[Stored dataset items]
◇ ◇ ◇ ◇ ◇ ◇ ◇

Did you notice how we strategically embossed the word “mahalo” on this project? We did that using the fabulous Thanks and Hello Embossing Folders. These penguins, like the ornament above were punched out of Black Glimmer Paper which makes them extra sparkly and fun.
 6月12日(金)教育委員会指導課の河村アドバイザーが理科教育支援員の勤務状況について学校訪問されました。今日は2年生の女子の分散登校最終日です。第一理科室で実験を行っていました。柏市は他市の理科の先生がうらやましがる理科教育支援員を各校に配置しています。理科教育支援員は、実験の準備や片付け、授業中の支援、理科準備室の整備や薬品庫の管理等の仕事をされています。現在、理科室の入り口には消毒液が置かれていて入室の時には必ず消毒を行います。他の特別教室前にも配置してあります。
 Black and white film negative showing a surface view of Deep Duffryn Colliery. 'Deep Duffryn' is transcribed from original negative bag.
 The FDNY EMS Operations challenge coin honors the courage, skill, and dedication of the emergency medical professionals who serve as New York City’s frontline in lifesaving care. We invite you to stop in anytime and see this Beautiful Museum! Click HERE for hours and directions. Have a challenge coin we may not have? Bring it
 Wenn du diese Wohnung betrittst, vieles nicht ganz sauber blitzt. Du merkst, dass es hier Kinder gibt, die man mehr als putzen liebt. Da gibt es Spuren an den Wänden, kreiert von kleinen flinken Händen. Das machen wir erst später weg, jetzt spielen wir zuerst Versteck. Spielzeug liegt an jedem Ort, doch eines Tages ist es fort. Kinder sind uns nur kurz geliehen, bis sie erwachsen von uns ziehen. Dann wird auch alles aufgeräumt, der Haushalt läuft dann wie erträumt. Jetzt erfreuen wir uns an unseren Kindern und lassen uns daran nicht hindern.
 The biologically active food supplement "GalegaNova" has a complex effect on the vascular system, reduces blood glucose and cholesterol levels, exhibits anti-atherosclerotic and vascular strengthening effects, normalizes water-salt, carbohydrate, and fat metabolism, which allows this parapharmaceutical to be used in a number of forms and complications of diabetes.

◇ ◇ ◇ ◇ ◇ ◇ ◇

Give every entry back exactly as it was written above.

Did you notice how we strategically embossed the word “mahalo” on this project? We did that using the fabulous Thanks and Hello Embossing Folders. These penguins, like the ornament above were punched out of Black Glimmer Paper which makes them extra sparkly and fun.
 6月12日(金)教育委員会指導課の河村アドバイザーが理科教育支援員の勤務状況について学校訪問されました。今日は2年生の女子の分散登校最終日です。第一理科室で実験を行っていました。柏市は他市の理科の先生がうらやましがる理科教育支援員を各校に配置しています。理科教育支援員は、実験の準備や片付け、授業中の支援、理科準備室の整備や薬品庫の管理等の仕事をされています。現在、理科室の入り口には消毒液が置かれていて入室の時には必ず消毒を行います。他の特別教室前にも配置してあります。
 Black and white film negative showing a surface view of Deep Duffryn Colliery. 'Deep Duffryn' is transcribed from original negative bag.
 The FDNY EMS Operations challenge coin honors the courage, skill, and dedication of the emergency medical professionals who serve as New York City’s frontline in lifesaving care. We invite you to stop in anytime and see this Beautiful Museum! Click HERE for hours and directions. Have a challenge coin we may not have? Bring it
 Wenn du diese Wohnung betrittst, vieles nicht ganz sauber blitzt. Du merkst, dass es hier Kinder gibt, die man mehr als putzen liebt. Da gibt es Spuren an den Wänden, kreiert von kleinen flinken Händen. Das machen wir erst später weg, jetzt spielen wir zuerst Versteck. Spielzeug liegt an jedem Ort, doch eines Tages ist es fort. Kinder sind uns nur kurz geliehen, bis sie erwachsen von uns ziehen. Dann wird auch alles aufgeräumt, der Haushalt läuft dann wie erträumt. Jetzt erfreuen wir uns an unseren Kindern und lassen uns daran nicht hindern.
 The biologically active food supplement "GalegaNova" has a complex effect on the vascular system, reduces blood glucose and cholesterol levels, exhibits anti-atherosclerotic and vascular strengthening effects, normalizes water-salt, carbohydrate, and fat metabolism, which allows this parapharmaceutical to be used in a number of forms and complications of diabetes.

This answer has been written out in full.